§ **Instructions to follow**:
Could the lines from the start of the data through the line with "Many unique Maya" be set down exactly, with no pictures among them?
Information supplied section start
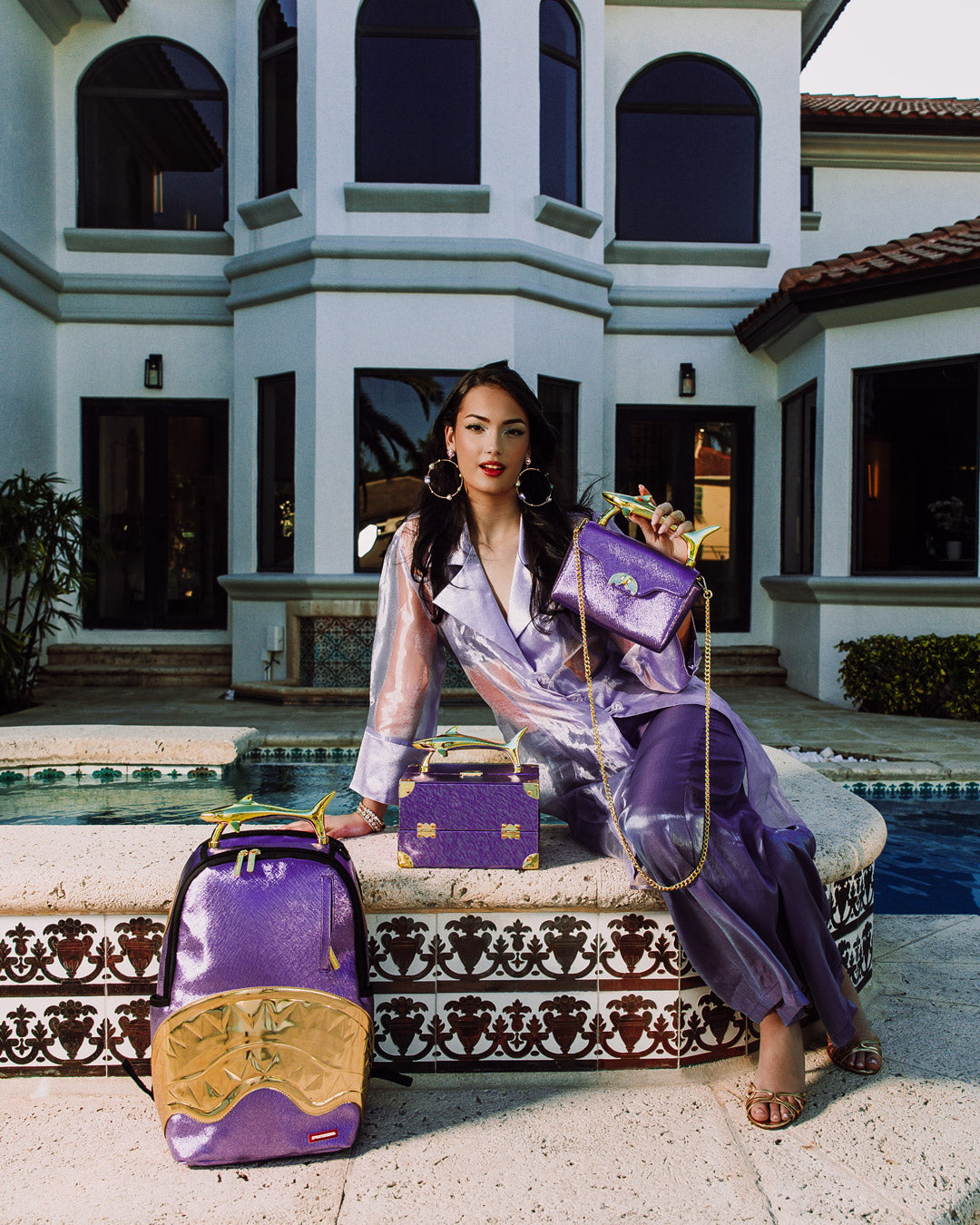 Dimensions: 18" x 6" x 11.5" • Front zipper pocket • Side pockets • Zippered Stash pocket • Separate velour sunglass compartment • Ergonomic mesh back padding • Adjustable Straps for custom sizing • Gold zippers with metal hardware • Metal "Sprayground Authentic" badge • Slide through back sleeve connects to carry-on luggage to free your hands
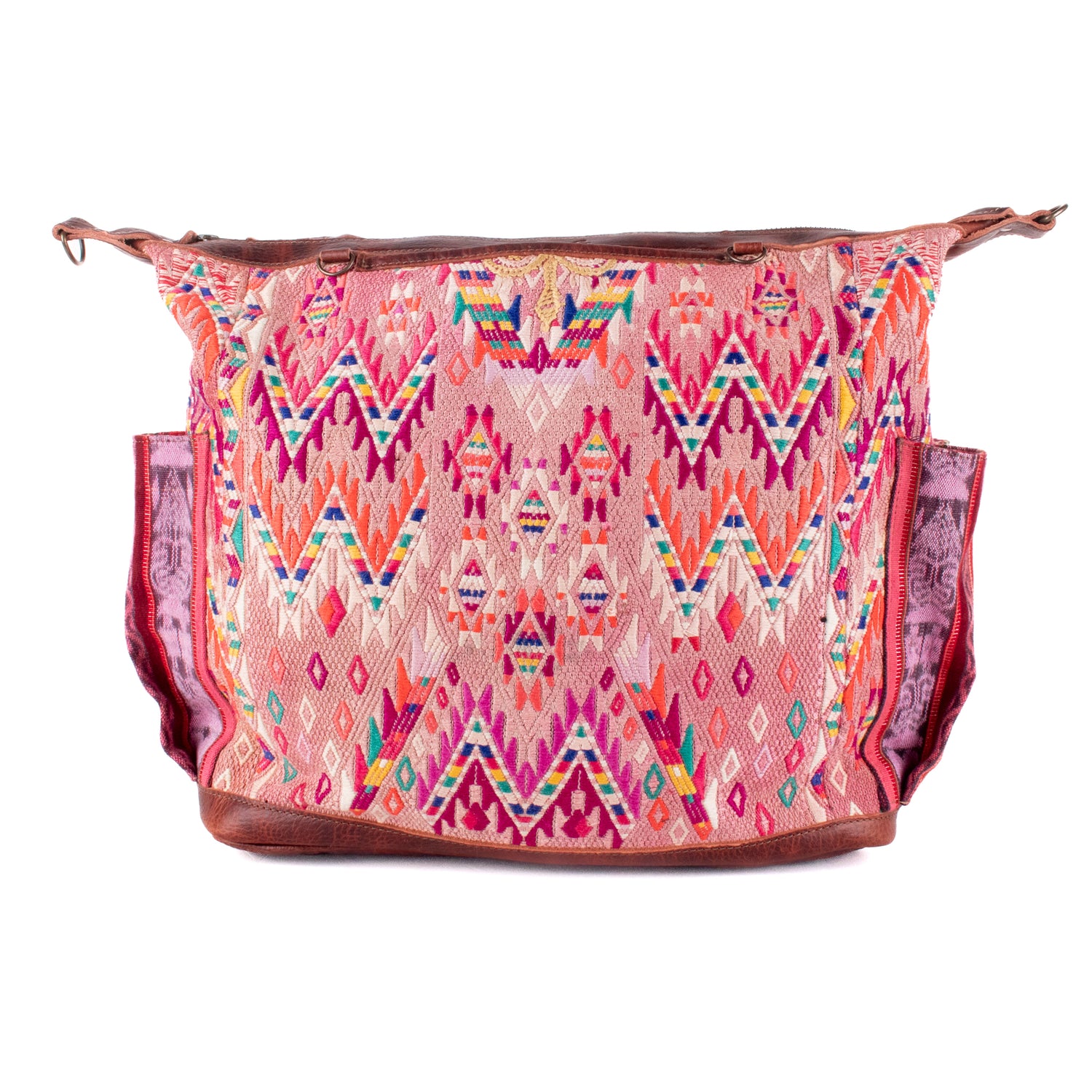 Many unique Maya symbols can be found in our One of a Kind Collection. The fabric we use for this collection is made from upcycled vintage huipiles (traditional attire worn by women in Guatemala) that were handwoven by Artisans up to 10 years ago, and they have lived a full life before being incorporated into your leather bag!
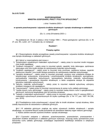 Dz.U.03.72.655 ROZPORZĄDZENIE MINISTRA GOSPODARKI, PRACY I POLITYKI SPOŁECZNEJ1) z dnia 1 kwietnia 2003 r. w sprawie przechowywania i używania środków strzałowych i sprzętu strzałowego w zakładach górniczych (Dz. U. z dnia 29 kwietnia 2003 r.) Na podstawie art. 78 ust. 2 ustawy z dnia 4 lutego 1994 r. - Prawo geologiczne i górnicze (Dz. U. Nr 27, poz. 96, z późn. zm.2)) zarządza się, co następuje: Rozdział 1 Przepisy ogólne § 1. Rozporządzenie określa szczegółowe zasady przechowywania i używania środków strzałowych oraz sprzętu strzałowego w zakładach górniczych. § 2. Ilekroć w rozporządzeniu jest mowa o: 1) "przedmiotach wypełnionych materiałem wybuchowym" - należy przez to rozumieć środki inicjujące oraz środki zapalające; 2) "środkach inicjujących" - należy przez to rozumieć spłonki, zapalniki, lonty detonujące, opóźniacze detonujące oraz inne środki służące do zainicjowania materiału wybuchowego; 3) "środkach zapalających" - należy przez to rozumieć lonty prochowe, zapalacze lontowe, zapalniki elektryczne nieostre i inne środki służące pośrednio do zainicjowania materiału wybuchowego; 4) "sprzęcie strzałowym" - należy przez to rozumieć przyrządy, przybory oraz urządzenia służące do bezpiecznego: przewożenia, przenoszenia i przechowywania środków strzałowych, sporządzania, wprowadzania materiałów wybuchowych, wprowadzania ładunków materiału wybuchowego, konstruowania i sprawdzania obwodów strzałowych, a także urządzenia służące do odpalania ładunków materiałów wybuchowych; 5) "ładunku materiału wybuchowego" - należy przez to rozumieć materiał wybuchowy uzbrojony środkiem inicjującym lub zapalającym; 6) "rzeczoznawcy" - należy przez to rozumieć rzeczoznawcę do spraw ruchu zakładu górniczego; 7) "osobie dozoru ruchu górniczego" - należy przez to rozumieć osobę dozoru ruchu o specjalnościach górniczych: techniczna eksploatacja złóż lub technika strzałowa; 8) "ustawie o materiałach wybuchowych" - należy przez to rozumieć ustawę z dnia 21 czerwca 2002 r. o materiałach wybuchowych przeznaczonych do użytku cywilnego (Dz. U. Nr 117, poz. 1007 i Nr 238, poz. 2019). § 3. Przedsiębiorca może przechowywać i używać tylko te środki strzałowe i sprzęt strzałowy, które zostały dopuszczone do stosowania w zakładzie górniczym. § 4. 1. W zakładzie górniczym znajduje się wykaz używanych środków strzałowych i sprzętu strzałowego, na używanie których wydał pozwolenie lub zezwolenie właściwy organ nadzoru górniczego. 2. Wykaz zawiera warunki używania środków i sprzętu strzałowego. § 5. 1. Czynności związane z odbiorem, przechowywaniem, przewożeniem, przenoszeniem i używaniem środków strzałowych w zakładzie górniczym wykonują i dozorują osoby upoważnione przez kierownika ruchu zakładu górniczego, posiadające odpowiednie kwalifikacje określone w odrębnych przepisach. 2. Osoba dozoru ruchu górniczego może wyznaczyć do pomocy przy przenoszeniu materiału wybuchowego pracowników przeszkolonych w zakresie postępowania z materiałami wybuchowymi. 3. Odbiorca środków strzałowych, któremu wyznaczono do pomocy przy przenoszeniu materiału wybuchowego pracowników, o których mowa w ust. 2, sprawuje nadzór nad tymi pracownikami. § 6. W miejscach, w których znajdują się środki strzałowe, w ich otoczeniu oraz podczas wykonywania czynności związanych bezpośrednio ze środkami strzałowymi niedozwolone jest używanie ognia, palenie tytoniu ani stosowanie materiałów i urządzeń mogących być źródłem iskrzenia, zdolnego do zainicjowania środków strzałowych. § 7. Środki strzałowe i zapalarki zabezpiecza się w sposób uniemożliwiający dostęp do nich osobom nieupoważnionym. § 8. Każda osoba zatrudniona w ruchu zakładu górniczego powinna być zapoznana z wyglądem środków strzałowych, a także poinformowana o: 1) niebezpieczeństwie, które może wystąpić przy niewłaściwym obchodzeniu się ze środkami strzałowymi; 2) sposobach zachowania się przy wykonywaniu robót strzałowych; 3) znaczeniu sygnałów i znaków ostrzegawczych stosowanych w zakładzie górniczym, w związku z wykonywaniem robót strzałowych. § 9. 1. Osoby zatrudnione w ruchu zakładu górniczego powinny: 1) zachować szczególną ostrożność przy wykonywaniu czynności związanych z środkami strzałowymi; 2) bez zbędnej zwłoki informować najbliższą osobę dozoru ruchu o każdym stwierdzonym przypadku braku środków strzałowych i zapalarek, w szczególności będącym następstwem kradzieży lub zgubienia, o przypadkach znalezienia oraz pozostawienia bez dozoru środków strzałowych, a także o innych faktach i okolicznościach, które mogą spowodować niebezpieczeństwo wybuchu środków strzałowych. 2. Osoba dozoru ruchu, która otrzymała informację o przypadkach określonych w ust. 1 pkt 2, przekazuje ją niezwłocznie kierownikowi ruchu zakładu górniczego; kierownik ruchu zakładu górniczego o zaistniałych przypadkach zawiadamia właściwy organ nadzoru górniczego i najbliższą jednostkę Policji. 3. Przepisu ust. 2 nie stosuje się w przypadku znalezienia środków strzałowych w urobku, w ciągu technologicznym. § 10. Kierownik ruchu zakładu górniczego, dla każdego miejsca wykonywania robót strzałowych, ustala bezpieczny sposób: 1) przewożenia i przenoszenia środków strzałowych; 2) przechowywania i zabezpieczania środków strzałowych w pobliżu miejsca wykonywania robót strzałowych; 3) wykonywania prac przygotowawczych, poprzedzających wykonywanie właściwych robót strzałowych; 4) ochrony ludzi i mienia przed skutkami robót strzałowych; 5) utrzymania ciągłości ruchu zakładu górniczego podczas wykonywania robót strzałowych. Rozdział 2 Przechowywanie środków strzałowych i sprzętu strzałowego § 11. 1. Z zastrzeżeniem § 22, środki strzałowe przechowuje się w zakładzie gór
Information supplied section end
§ **The answer**:
 Dimensions: 18" x 6" x 11.5" • Front zipper pocket • Side pockets • Zippered Stash pocket • Separate velour sunglass compartment • Ergonomic mesh back padding • Adjustable Straps for custom sizing • Gold zippers with metal hardware • Metal "Sprayground Authentic" badge • Slide through back sleeve connects to carry-on luggage to free your hands
 Many unique Maya symbols can be found in our One of a Kind Collection. The fabric we use for this collection is made from upcycled vintage huipiles (traditional attire worn by women in Guatemala) that were handwoven by Artisans up to 10 years ago, and they have lived a full life before being incorporated into your leather bag!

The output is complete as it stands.